Here's what I got...







X-rocks blush (thanks TISH)
Everson blush (thanks TISH)
Stark Naked blush 
True Romantic blush 
Motif e/s
Nocturnelle e/s
Expensive Pink e/s
Dazzlelight e/s
Amber Lights e/s
Mineralized Skinfinish Natural in Dark (for contouring)
Petticoat
So Ceylon 
Refined Golden Bronzer
Hug Me lipstick 
Brush cleaner 
109 Brush

No more spending money on MAC until Hello Kitty.
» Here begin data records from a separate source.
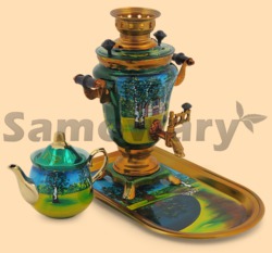 В комплекте заварочный чайник и поднос Самовар: - объем 1,5 литра - высота самовара 33 см - ширина самовара по ручки 24 см - материал: латунь - расписан вручную, покрыт лаком - мощность ТЭНа 1 кВт, время закипания 15 минут - вес самовара 2 кг Чайник: - объем чайника 700 мл - вес чайника 500 гр - материал: фарфор - расписан вручную, покрыт лаком Поднос: - размер 35 см - вес подноса 400 гр - форма подноса может отличаться от фото, возможные формы подносов - круг (диаметр 35 см), овал (34 на 46 см), прямоугольник (30 на 40 см), арка (23 на 40 см), ключ (31 на 41 см), более подробную информацию вам предоставит менеджер - производитель Тула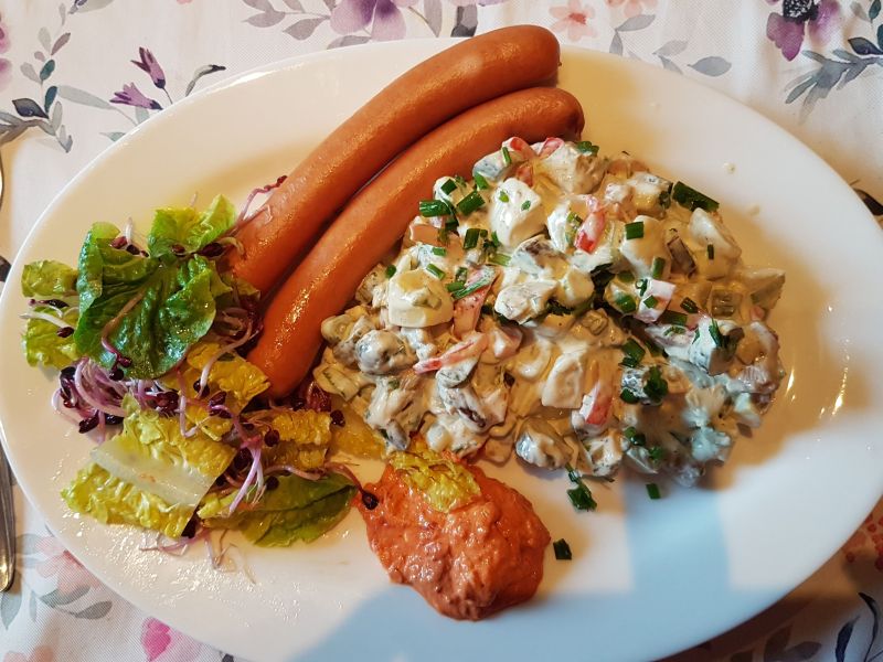 | Schleizer Würstchen, Kart.-Salat mit Mayonnaise, Möhren, Cornichons, Zucchini, Waldpilzen, Paprika und Lauchzwiebeln, Dip, Mini-Romana-Salat mit Radieschen-Sprossen |
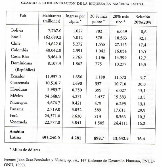 La idea de la tercera revolución industrial promovida como el inicio de una nueva fase del desarrollo capitalista global está cimentada en el maridaje entre la computadora y la fibra óptica; es decir, en la revolución de las tecnologías de la comunicación, la computación, y el crecimiento de los sistemas de información. Sin embargo, este nuevo avance no ha comprobado que el capitalismo haya sufrido transformaciones esenciales19 en su manera de estructurar la forma esencial de producir riqueza. La posibilidad de impulsar una transformación de las fuerzas productivas del sistema capitalista no requiere necesariamente del desarrollo y exportación de la tecnología, pero este proceso ha demostrado que funciona para agilizar, simplificar y sistematizar la venta de servicios y la continua expoliación de riqueza de los países latinoamericanos.20 En el primero de los dos cuadros siguientes "Concentración de la riqueza en América Latina", se puede observar la inequitativa y desigual distribución de la riqueza en esos países.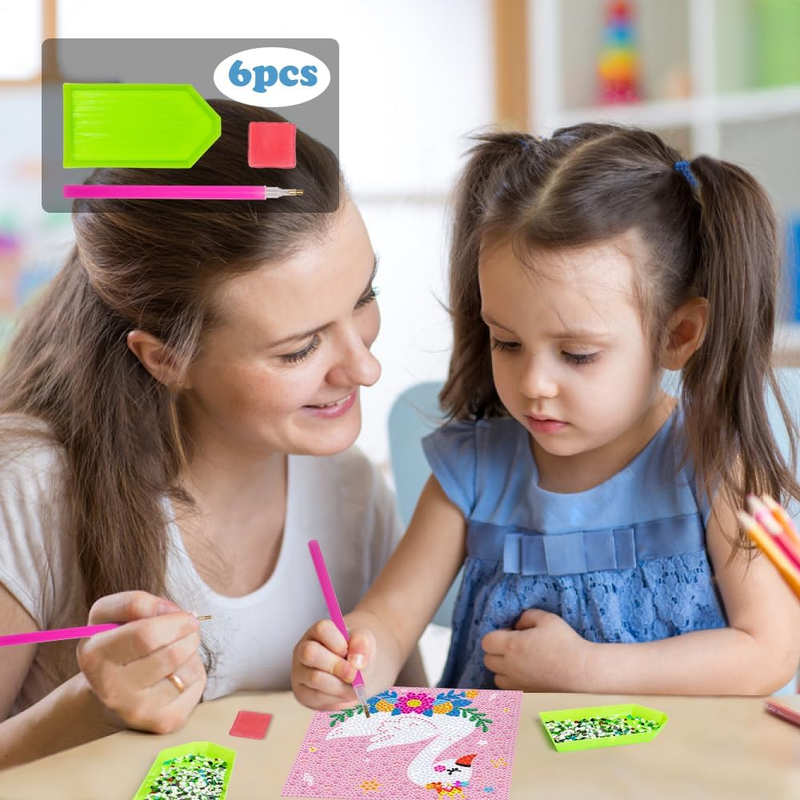 Play with Fun :Our diamond art kits for kids set 4 pcs point drill pen, tray and mud. So that Adults can work with your children to complete this creation and experience the fun of parent-child interaction.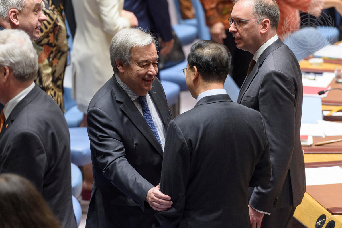 Secretary-General António Guterres (centre left) speaks with Ma Zhaoxu (centre right), Permanent Representative of China to the United Nations, and Niels Annen (right), Minister of State at the Federal Foreign Office of Germany, ahead of the Security Council debate on protection of civilians in armed conflict.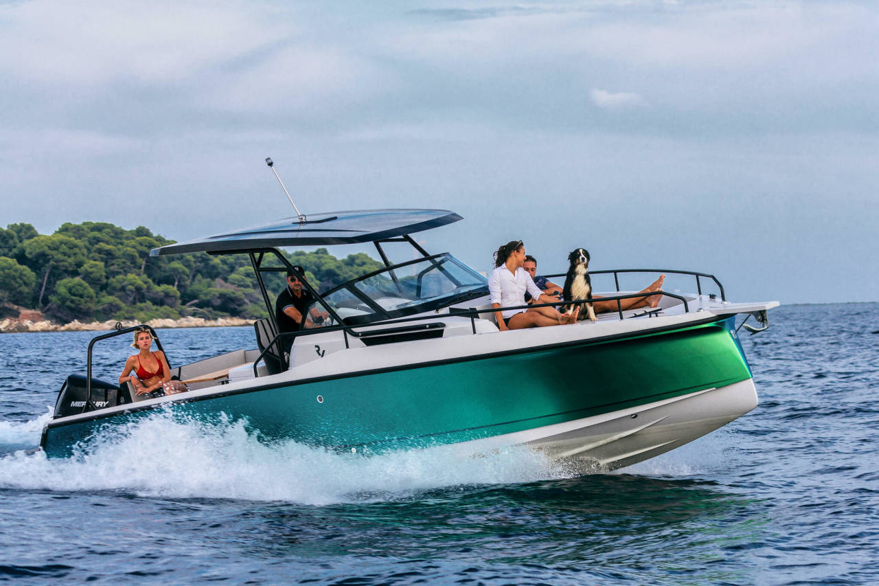 RYCK 280 is an exhilarating new series of luxury sports day boats that seamlessly blend the versatility of a RIB with the high-end amenities typically found on luxury tenders. It's a recently launched line of fast boats with a central walk-around console, adaptable to a wide range of purposes: family entertainment, high-speed cruising, day outings for adventurous water sports, or a top-tier fishing platform.

I hope I can make it because I am so broke!!!


----------



## ClaireAvril (Dec 24, 2008)

looks yummy - enjoy!


----------



## Cinfulgirl (Dec 25, 2008)

Nice Haul,,
enjoy your goodies!
I need to buy me a Petticoat haha


----------



## MissResha (Dec 25, 2008)

toys!! 
	

	
	
		
		

		
		
	


	




 i love it, enjoy it!!


----------



## orkira (Dec 25, 2008)

Wonderful haul.  Enjoy!


----------



## s2Stephs2 (Dec 25, 2008)

I love Petticoat soo much, it's like the perfect blush for any skin type, so how are you liking the So Ceylon, I've been thinking about picking that one up.


----------



## M!$$_BLinG (Dec 25, 2008)

lovley haul
enjoy


----------



## Susanne (Dec 25, 2008)

Enjoy!!


----------



## ladyJ (Dec 26, 2008)

Quote:

   Originally Posted by *s2Stephs2* 

 
_I love Petticoat soo much, it's like the perfect blush for any skin type, so how are you liking the So Ceylon, I've been thinking about picking that one up.
	

	
	
		
		

		
		
	


	


_

 
I used it today. I like it. I used it with Eversun blush and it looked great. You should pick one up before it goes away.


----------



## GlamQueen21 (Dec 26, 2008)

Great haul! Enjoy your lovely goodies!


----------



## hooked*on*mac (Dec 29, 2008)

great Haul! Enjoy your new goodies =)


----------